In article <BLYMN.93Apr3214631@siren.awadi.com.au> blymn@awadi.com.au (Brett Lymn) writes:
>The system of copying the text to swap was how the original un*x
>systems worked.  The real problem with it is that you have to have as
>much swap as real memory (otherwise you cannot use the real memory
>that is not covered by swap) AND that swap will be filled with program
>text that may not be being used.  IMHO the current VM system is much
>better.

The first should be true anyway: "you have as much usable swap as swap minus
real memory".  This would prevent crashes when running out of swap, since
you would always have enough swap to swap all executing images.  This is
broken in AIX as well, with disasterous results (or at least damned peculiar).

The second, that "swap will be filled with program text that may not be
being used" is not necessary (as shown by the current VM system), and is
*independant* of whether there is backing for main memory or not.  Note
that for a full system sump, you *must* have enough space on the swap
partition to hold all of usable swap *plus* all of main memory if it is
to be used as a system dump device after a panic.

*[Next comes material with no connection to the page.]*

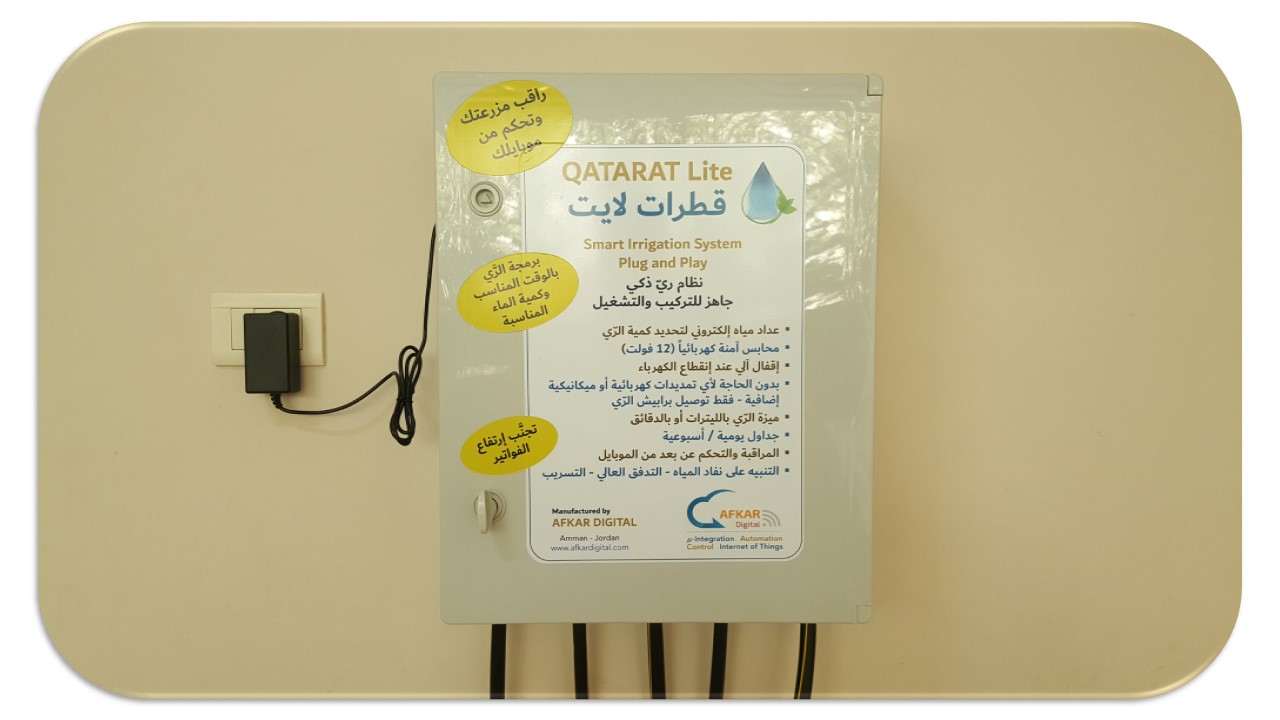 QATARAT Lite is a mini version of our product QATARAT. A Smart Compact Design comprising an irrigation controller, four electrical valves, a water meter, and with pump control. In addition to the most important feature, that is, monitoring and control over the internet.

Whether or not the program is started up by paging from the file for
initial load vs. copying the full image to swap and paging from there
is semi-independant of the VM strategies employed; it's not necessary
to manage the VM like MACH to have this feature; again, it's *independant*.

There is a potential argument for *not* having a large swap on small disks
(with the result that you can't save off dump images on the swap device,
probably the only safe place to dump all dirty pages to get a system
dump image, considering the panic could have been in the FS)... basically
that there isn't enough space for it on teeny hard disks.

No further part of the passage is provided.